Todo lo anterior lo acepto y expreso no por un puro y simple idealismo ingenuo, sino porque entiendo que tiene justificaciones de peso.
Es cierto que no creo que pueda invocar certezas científicas para justificarlo, por cuanto la ciencia aún no puede contestarnos si los fenómenos del mundo, incluyendo la historia humana, son deterministas o aleatorios. Quizás nunca tendremos esa respuesta. El examen de la historia humana tiende a indicarnos que en general la civilización humana avanza, pero también ha existido épocas de retrocesos, al menos en algunos sentidos. (Los teóricos que predijeron el curso inevitable de la historia dejaron de tener vigencia con la caída del comunismo). Incluso a nivel de la psicología humana, la neurociencia y la genética, todavía ni siquiera sabemos con exactitud qué papel desempeñan los genes, el entorno, la crianza y el aprendizaje en la formación de la personalidad de cada persona. Y en la filosofía, eminentes pensadores no han podido ponerse de acuerdo con respecto al alcance del libre albedrío, ni siquiera sobre si realmente existe o no. (En muchas religiones sí es un concepto aceptado).

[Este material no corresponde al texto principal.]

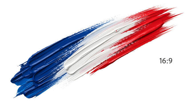 Brush stroke of blue, white, and red colors with the numbers 16:9 on a white background.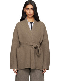 Brushed knit alpaca-blend cardigan. · Hand-loomed · Wrap construction · Shawl collar · Open front · Detachable self-tie belt at waist · Welt pocket · Rolled edge at hem · Dropped shoulders Supplier color: Tobacco 93% alpaca, 7% polyamide. Made in Peru 252874F095007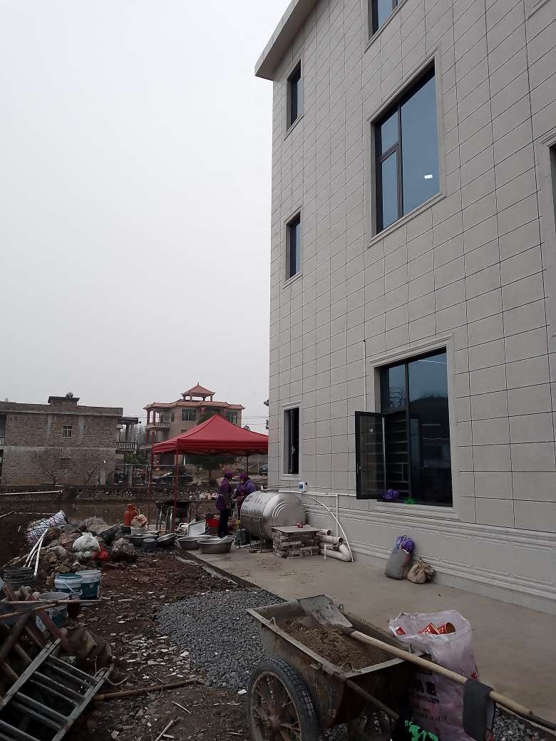 房子的外面一边是马路,后面是果园和菜地,旁边还有个大鱼塘,酒席是在自己家里办的,请的专门办乡村宴席的团队,一切都不用自己操心,全场都是由她们负责……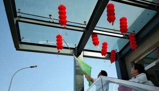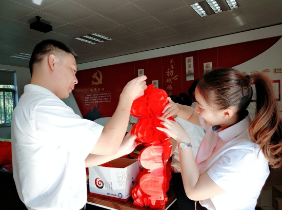 在慶祝祖國(guó)70周年生日的日子里,最火的顏色就是紅色。為了弘揚(yáng)中華民族傳統(tǒng)文化,溫嶺西收費(fèi)所后勤組早早購(gòu)置了燈籠、彩旗、五星紅旗,寫好“慶祝祖國(guó)70周年華誕”大字等。黨員帶頭,團(tuán)員緊跟,一線收費(fèi)員紛紛參與,在收費(fèi)站大門口、辦公樓、食堂、宿舍等區(qū)域精心用五星紅旗、大紅燈籠、五顏六色的彩旗裝點(diǎn),一抹抹艷麗的國(guó)旗紅,成為站點(diǎn)最靚麗的風(fēng)景。明亮的黃、鮮艷的紅,美麗窗口突然亮了起來,到處洋溢著濃濃的國(guó)慶氛圍,為過往司乘提供暢、潔、美的節(jié)日行車環(huán)境。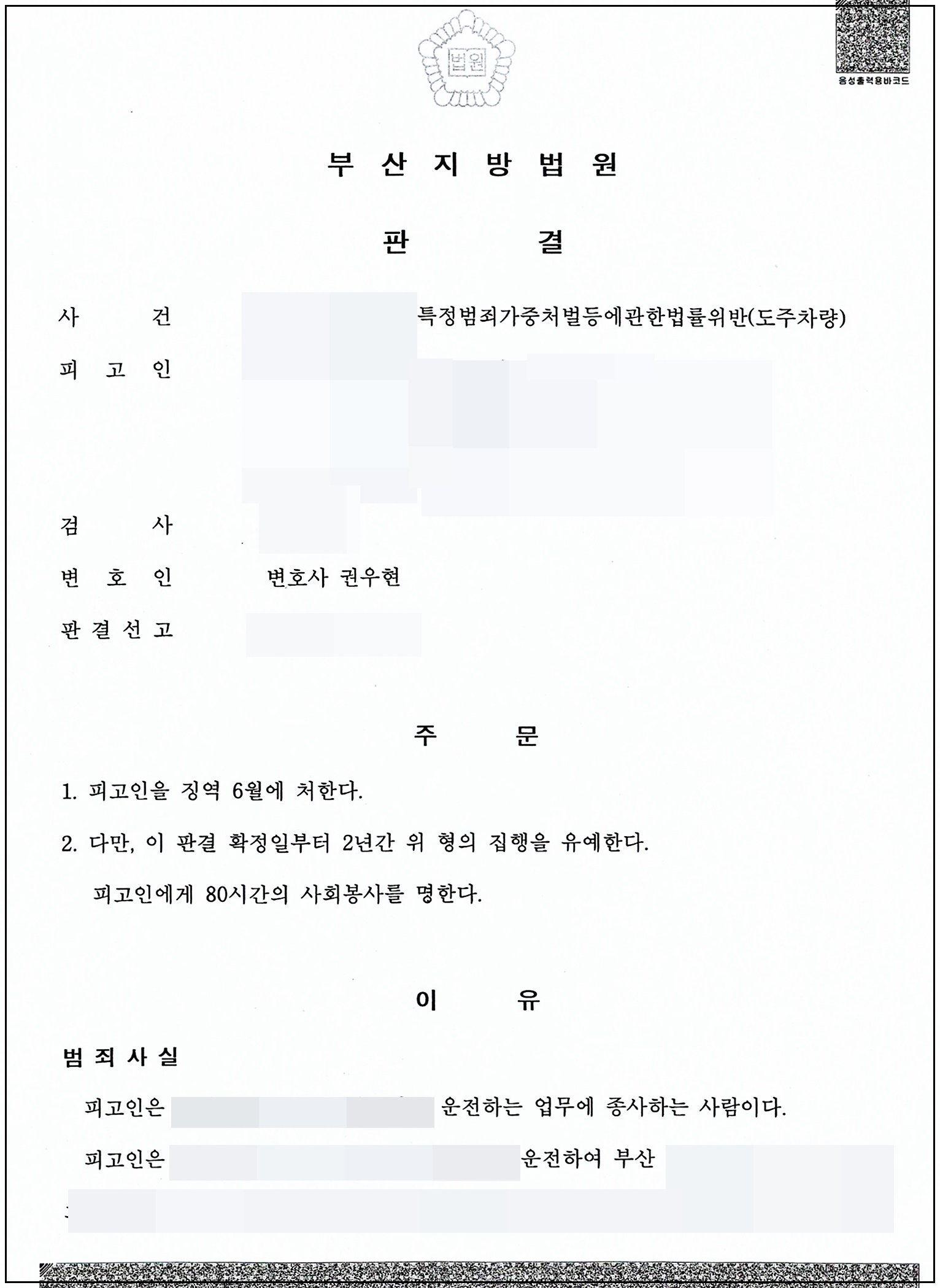 그러나 애초 목격자가 가해자라는 점을 짐작하고 있었던 피해자 측은 가장의 연기를 하여왔던 가해자에 대한 분한 마음에 섣불리 합의하려 하지 않아 합의에 도달하는데 굉장히 어려움을 겪었는데, 변호인으로서 피고인과 같이 피해자의 부친을 찾아가 사과하고 용서를 구하면 조금이라도 도움이 되겠다는 생각에, 직접 합의에 개입하여 좋은 결론을 이끌었던 사례입니다.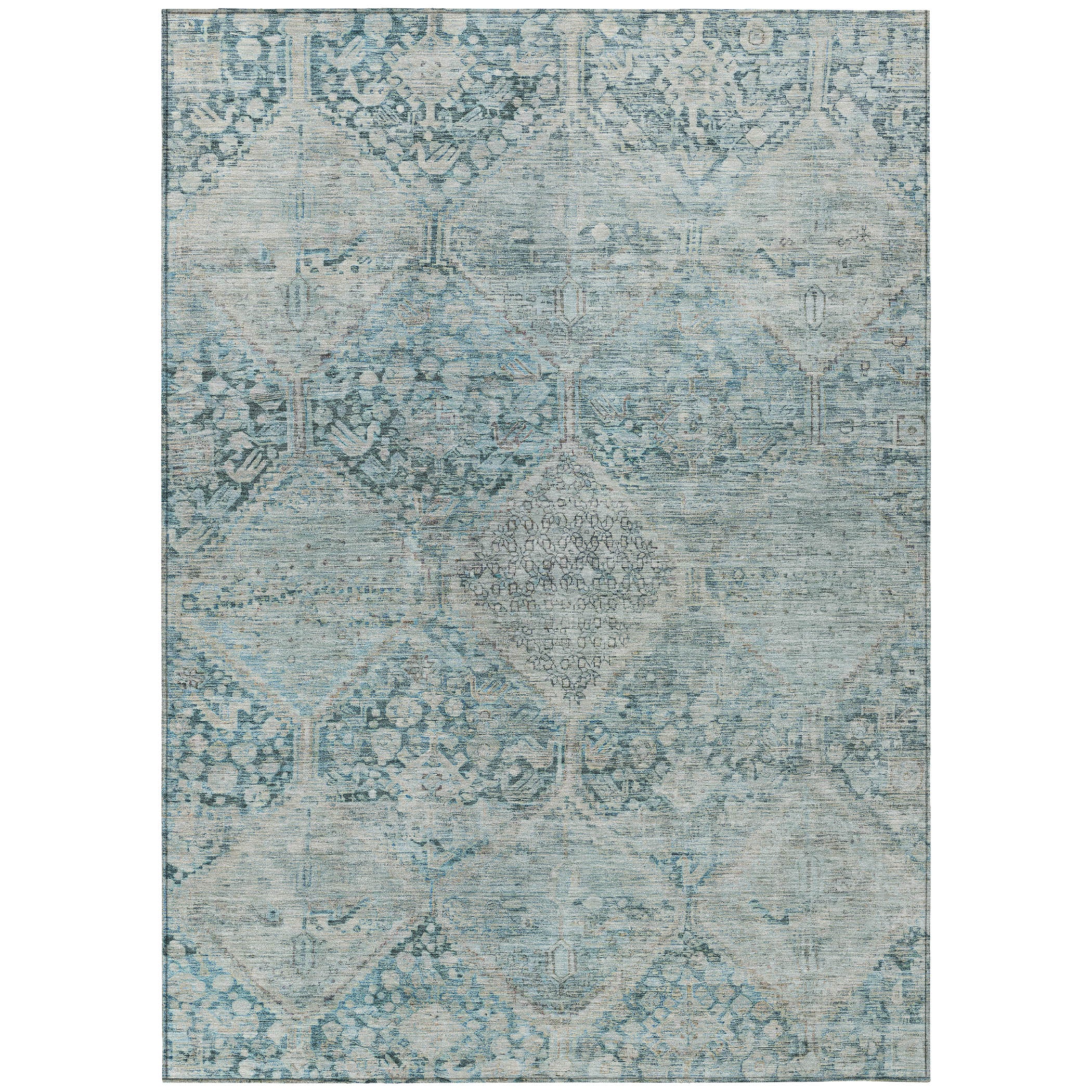 Showcasing large-scaled diamond motifs adorned with intricate details, this rug offers a striking geometric pattern that’s both eye-catching and refined. The transitional style allows it to effortlessly blend contemporary boldness with classic design elements, making it a perfect fit for a variety of interiors. Designed for both indoor and outdoor spaces, this UV-stabilized rug features an ultra-thin construction that’s easy to clean and care for. Its machine-washable design adds convenience, while its family and pet-friendly nature ensures it can handle everyday wear and tear. Stylish and durable, it’s the perfect solution for busy households.

Si prefiero pensar que los genes no dictan el curso total de nuestra vida, que sí tenemos el libre albedrío, que el destino no está predeterminado, sino que depende en parte de nuestras propias acciones y, consecuentemente, el futuro de nuestra humanidad también depende en parte de todos nosotros, es porque lo creo así, a pesar de saber que no tengo la absoluta certeza, y porque también facilita la vida. (Sobre este último punto ya la psicología y algunos filósofos y pensadores ―como Popper― lo han entendido y expresado desde hace mucho tiempo). Hace que la vida tenga más sentido, aun en el caso hipotético de que los fenómenos del mundo fuesen realmente deterministas y cada vida estuviera predestinada. Esa creencia posibilita la esperanza, que a su vez hace necesaria el optimismo. En ausencia de una sana dosis de optimismo, la esperanza se diluye, y sin la esperanza, el optimismo no tiene razón de ser. A falta de ambos, quedaría sólo la resignación. Caeríamos como Kunta o como el animal domado. Una perspectiva demasiado sombría y triste para ser aceptada.
El espacio para la esperanza y el optimismo no debe desvanecerse.